Anybody know a stellar telemarketer (outbound, cold calling)?  I could really use one.  Let me know.

by Mark Waldin – I’ve always been impressed by Intuit’s personal tax package.  A few years ago I picked up Quickbooks Pro to do my financial accounting for my custom fly rod business (www.flycatcherinc.com) and it seemed equally well executed.  With the addition of our start up business (and the topic of this blog), Inside Edge, I have pushed the application a lot further and asked it to do a lot more things.

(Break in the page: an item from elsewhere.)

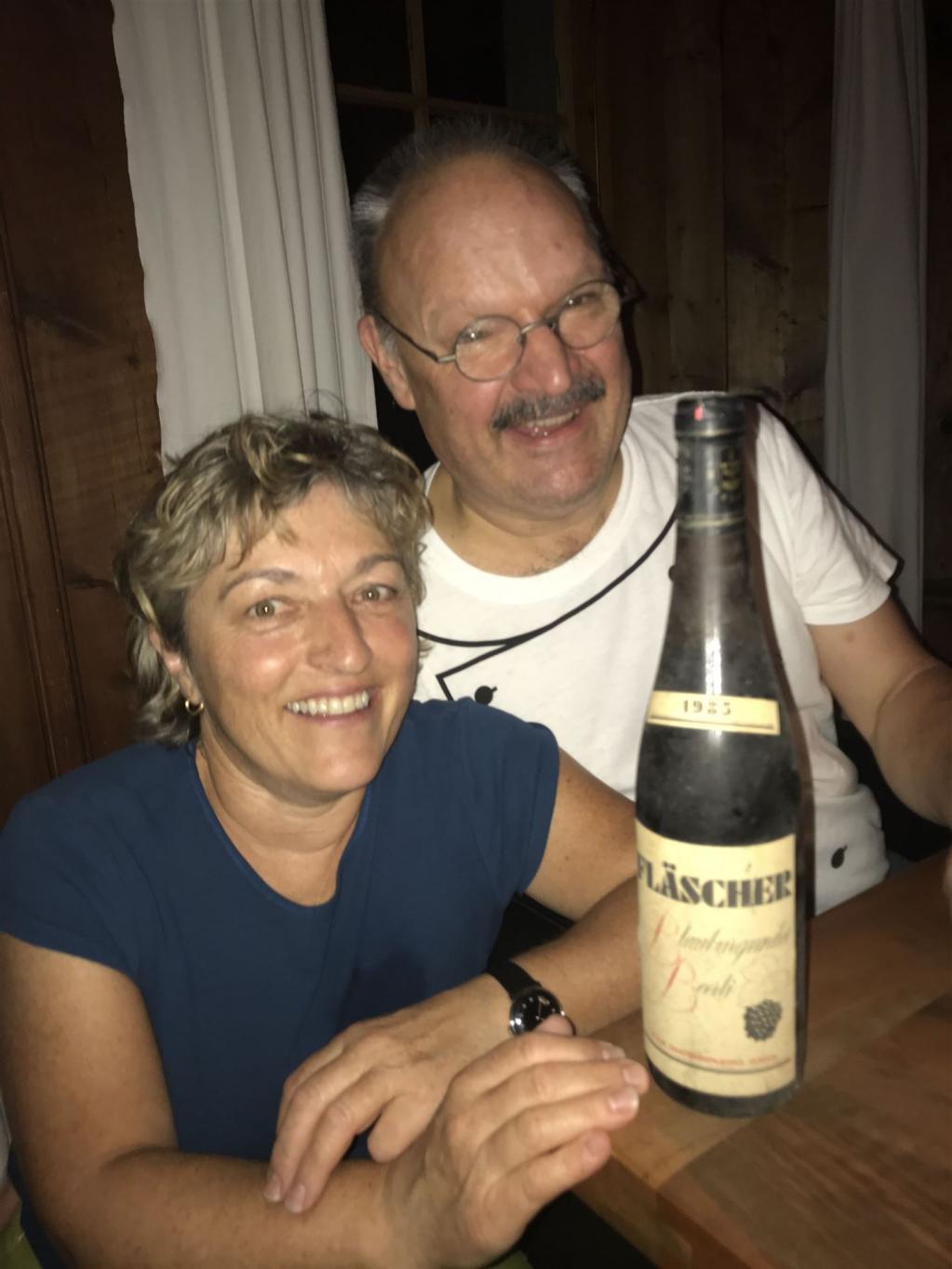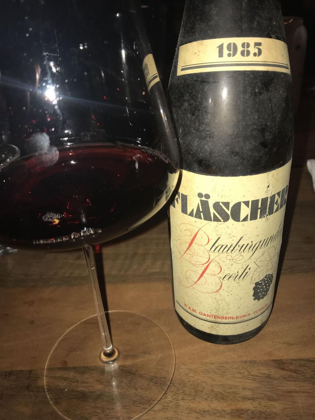 Da kam dann irgendwie die Frage auf, ob es 1985 schon Gantenbein Weine gegeben hat. Das wurde klar bejaht. 1982 gab es den ersten Wein. Der vierte Jahrgang 1985 soll damals sehr gut gewesen sein und auch ein paar Goldmedaillen eingeheimst haben. Aber schmeckt so etwas heute? Darauf konnte es nur eine Antwort geben, natürlich in flüssiger Form. Martha Gantenbein holte für uns Glückliche eine der ganz wenigen, noch vorhandenen Flaschen aus dem Keller. Richtiggehend putzig Aussehen und Name dieses 1985 Fläscher Blauburgunder Beerli von D. & M. Gantenbein-Kunz. Aber was dann ins Glas kam, das war eine große Überraschung. Im Stahltank ohne Holz war der Wein damals ausgebaut worden. Brilliant ohne jedes Alter die klare, rote Farbe, so frisch und so delikat mit betörender Frucht, reife Himbeere, immer noch gute Säure, stand wie eine Eins im Glas und baute nicht ab. Ein absoluter Genuss dieser perfekt balancierte, stimmige Wein und ein echtes Erlebnis. Das war schon einmalig, wie sich dieser immerhin jetzt 33jährige Wein hier präsentierte. Auch ohne Hochachtung für diese großartige Leistung waren das glockenklare WT94. Womit sich Fragen nach der Alterungsfähigkeit von Gantenbein-Weinen erübrigt haben dürften. Wenn so ein Wein von jungen Reben aus der Anfangszeit und aus dem Stahltank immer noch solch eine Frische zeigt, sollte man sich bei den heutigen Gantenbeins eher Sorgen um die eigene Gesundheit machen, als um die Alterungsfähigkeit dieser Weine.

Now I know most people are familiar with both of these products and this is nothing too new, but I have to proclaim that Intuit has got to be the best software developer in the market from a usabiity point of view.  I am not a casual observer of this either.  I have run application software product management at a number of companies and I have a career of focusing on customer usability.  Quickbooks Pro is a package that surpasses anything I have seen in integration and ease of use.  These folks are easily on a level of their own when it comes to this.  And I have used in one way shape or form, 100′s of applications including 3d modelling, vector graphics, raster graphics, business intelligence, geo-mapping, CRM, finance, statistics, database, and on  and on.  With as much effort that Apple and Microsoft put into building intuitive operating systems they both could stand to read a chapter from Intuit.  This company is utterly amazing.

I would love to see these folks extend the application for small business ERP including a CRM, project management, and inventory control module with multi-user access and an SOA architecture.  They don’t do that do they?

What do you think?  Do you know of small business tools that rival this company for breadth and ease of use at a reasonable price?